In regard to soils, we quantify the organic carbon (SOC) in both mineral soil (i.e., moderately or well‐drained soils with low levels of organic matter) and organic soil (i.e., poorly drained soils with high amounts of organic matter such as peat and muck soil). To estimate SOC, we multiply the reference SOC values by stock factor changes (F), expressing how land use, management practices, and organic inputs influence the reference carbon stock. As detailed in Supporting Information 2.2, reference SOC values specific to land use, climate, and soil conditions are calculated using the 2015 MapBiomas Solo Beta collection (MapBiomas Project 2023a). For the stock factor (F), we used land‐use and biome‐specific values provided by MCTI (MCTI 2020a; SIRENE et al. 2020). Only SOC in the top 30 cm of soil is quantified, as this layer is most affected by land‐use changes (IPCC 2006, 2019). Furthermore, soil drainage, strongly affecting the SOC of organic soil (IPCC 2006, 2019), is not considered, as organic soils represent less than 1% of the soils in Brazil (IBGE 2024).
2.4. Mammal Richness
To estimate changes in mammal richness, we project the distribution of mammal species at each timestep of the scenarios. The projected distributions of mammals are determined using a logistic Species Distribution Model for each species (SDMs). Although logistic models may not fully capture the complex interactions between environmental factors and species distributions due to the assumption of linear relationships (Fletcher and Fortin 2018), they are effective at handling multiple variables, making them well‐suited for this research.
The development of each logistic model requires preparing presence and absence records for each species. First, we extracted species presence coordinate records from the GBIF (GBIF 2024), SpeciesLink (CRIA 2024) and SALVE (ICMBio 2024). These online databases often contain temporal, geographic, and taxonomic inconsistencies. Therefore, we filtered the data to retain only reliable records and address geographic sampling biases (data preparation workflow is included in Supporting Information 3.1). After preparing the dataset, 234 distinct species of mammals remained, with an average of 66 presence records per species (15,342 records in total). Regarding absence records, few reliable data are available (Barbet‐Massin et al. 2012). Therefore, it is common to use “pseudo‐absence” resulting from random sampling in areas with habitats unsuitable for the species (Barbet‐Massin et al. 2012; Fletcher and Fortin 2018). This method has been shown to be the most reliable for the logistic model (Barbet‐Massin et al. 2012; Fletcher and Fortin 2018), especially when using a large number of pseudo‐absences with equal weighting for presence and absence (Barbet‐Massin et al. 2012). Applying those recommendations, 1000 absences were randomly sampled per species, using the expert species range maps of Marsh et al. (2022) to demarcate (un)suitable areas. Finally, we sampled the values of ten different environmental variables at the coordinates of each presence and absence record, including four land‐use types (forest, cropland, forest plantation, grassland‐pasture), two topographic variables (mean slope, mean elevation), and four climate variables (mean annual temperature, mean temperature seasonality, mean annual precipitation, mean precipitation seasonality). These types of variables are commonly used to describe suitable and unsuitable habitat conditions in SDMs (Martínez‐Minaya et al. 2018). A more detailed description of these variables is provided in Supporting Information 3.2.
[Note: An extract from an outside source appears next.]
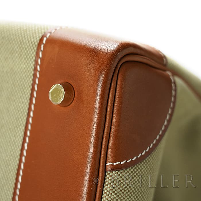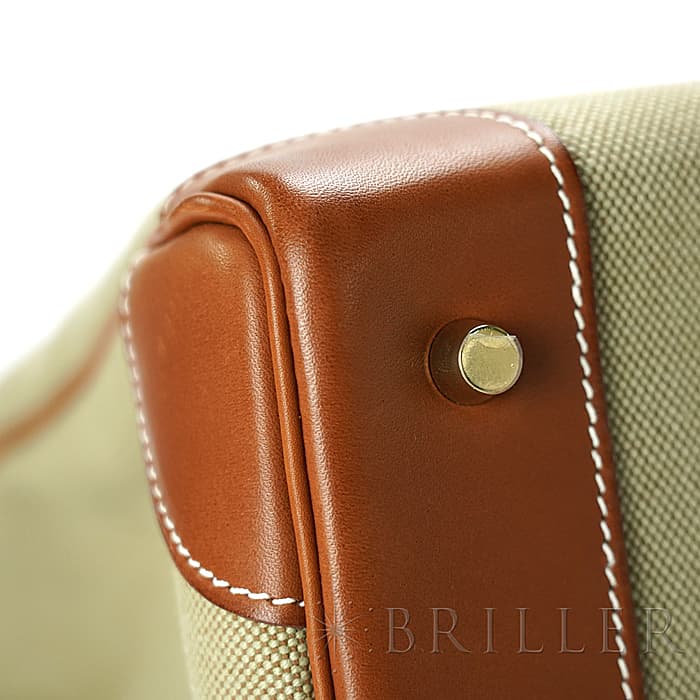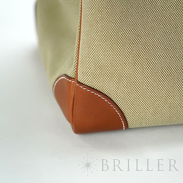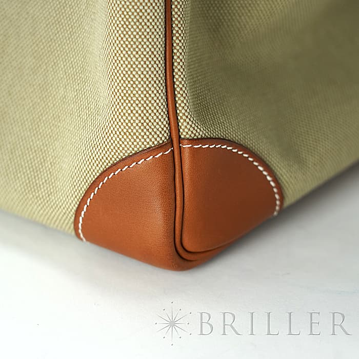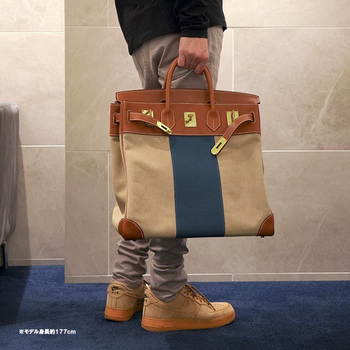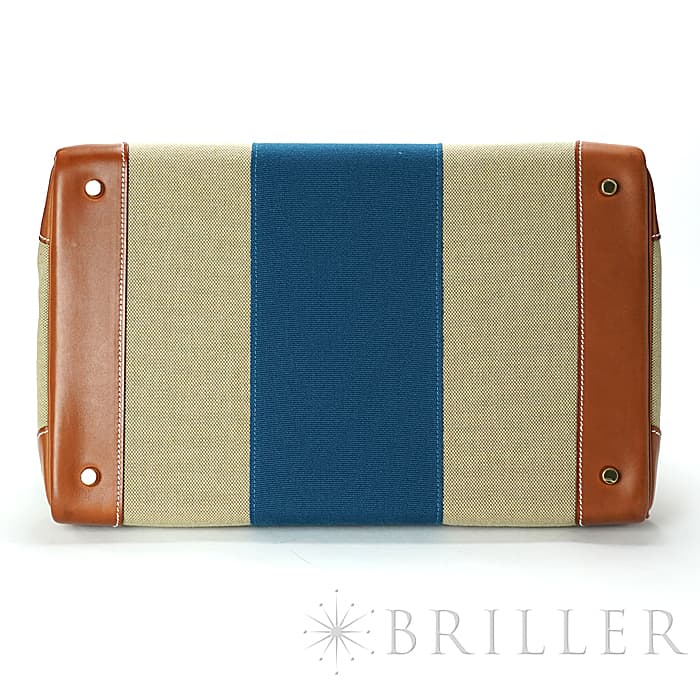 デッドストックのオータクロアが入荷しました。 高さ"haut"とストラップ"courroies"から名づけれらた"オータクロア"という名前の通り、鞍や乗馬ブールを収納するために作られた収納力があり、その後旅行用バッグとして変化をしていったエルメスを象徴するようなバッグです。 コットンキャンバス素材のトワルの中央に施されたブルーのラインが大海原を冒険するような楽しい雰囲気を演出してしています。女性の旅行バッグとしても男性のビジネスバッグとしてもおすすめです。 状態は写真でご覧ください。 □R刻印(2014年)のお品物です。

After preparing the presence and absence data, a logistic model is calibrated for each species to generate a habitat suitability map for Brazil, which can then be converted into a distribution map by applying a threshold. The process is as follows: first, highly correlated variables are excluded to ensure independence between variables (Dormann et al. 2013). Then, the best combination of the remaining variables is selected using the Akaike Information Criterion (AIC), a statistical measure that compares the goodness of fit across different models. The model with the lowest AIC value is chosen as the optimal model (Venables and Ripley 2002). Subsequently, the selected model is applied across Brazil to estimate the probability of species occurrence in each grid cell, indicating habitat suitability. Finally, the optimal threshold for distinguishing between suitable and unsuitable habitats is determined by calculating the True Skill Statistic (TSS) for each potential threshold between 0 and 1. The TSS is a metric representing the model's overall discriminative ability (Allouche et al. 2006; Fletcher and Fortin 2018). The threshold that maximizes the TSS is selected as the optimal value, as recommended by Jiménez‐Valverde and Lobo (2007). This process is described in more detail in Supporting Information 3.3.
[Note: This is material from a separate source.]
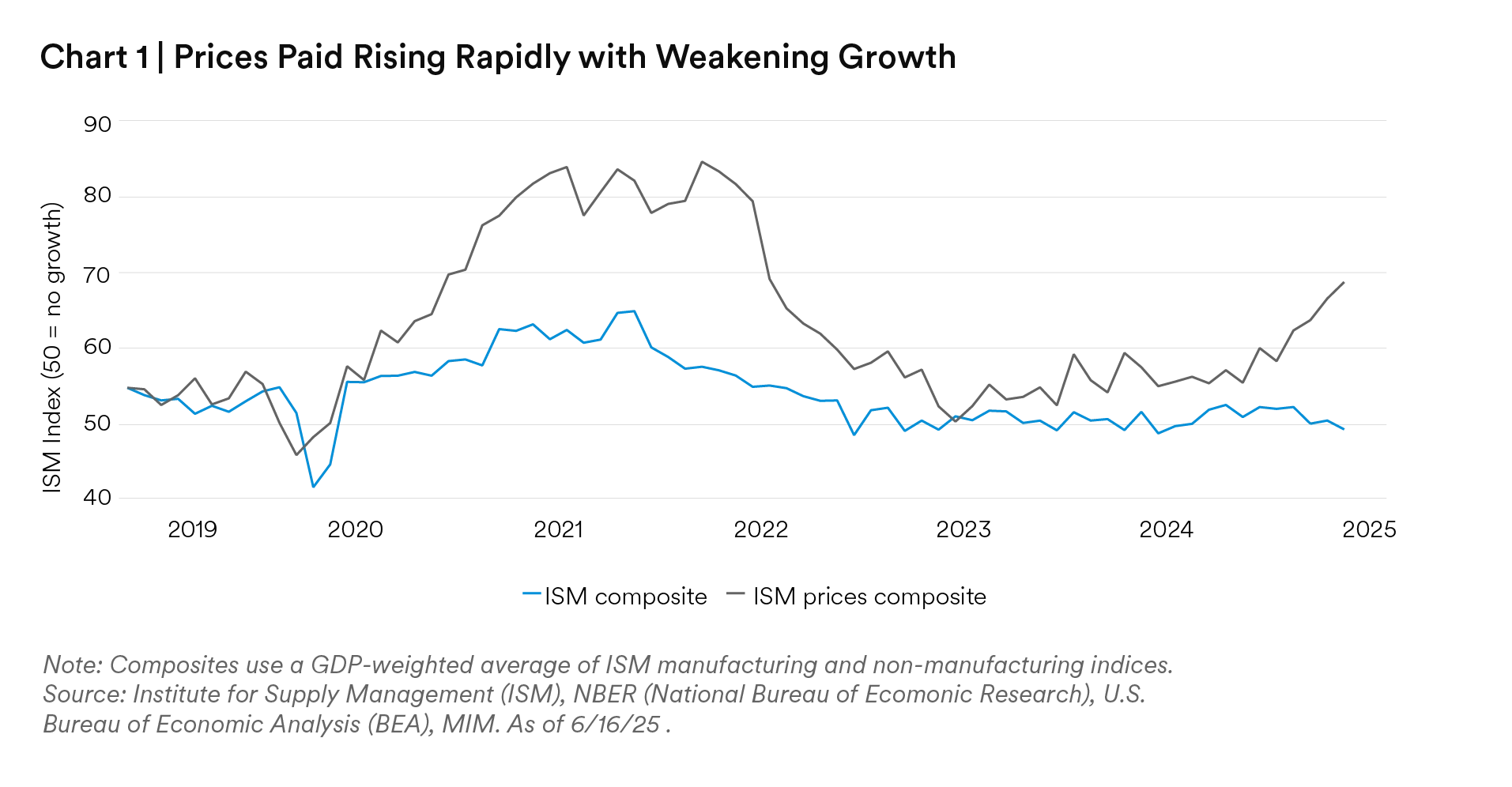Our composite ISM index sagged into contraction territory in May, the first time since July 2024.

Model robustness, or its ability to perform consistently across different data subsets, is assessed using five‐fold cross‐validation (Hooten and Hobbs 2015). This technique involves dividing the presence and absence data into five equal folds. A logistic model is trained using four of the five folds, while the remaining fold is used to test the model's discriminative performance. This process is repeated, with five distinct fold combinations. To evaluate the discriminative performance of each model, two metrics are used: the Area Under the Curve (AUC) along with the TSS (Allouche et al. 2006; Fletcher and Fortin 2018). The AUC is a threshold‐independent metric, with values above 0.5 indicating that the model performs better than random chance. Meanwhile, the maximal TSS value, described above, indicates poor performance when below 0. Species and respective logistic models with an average AUC below 0.5 or an average TSS below 0 are excluded from further analysis. After this validation process, 151 species and models remained.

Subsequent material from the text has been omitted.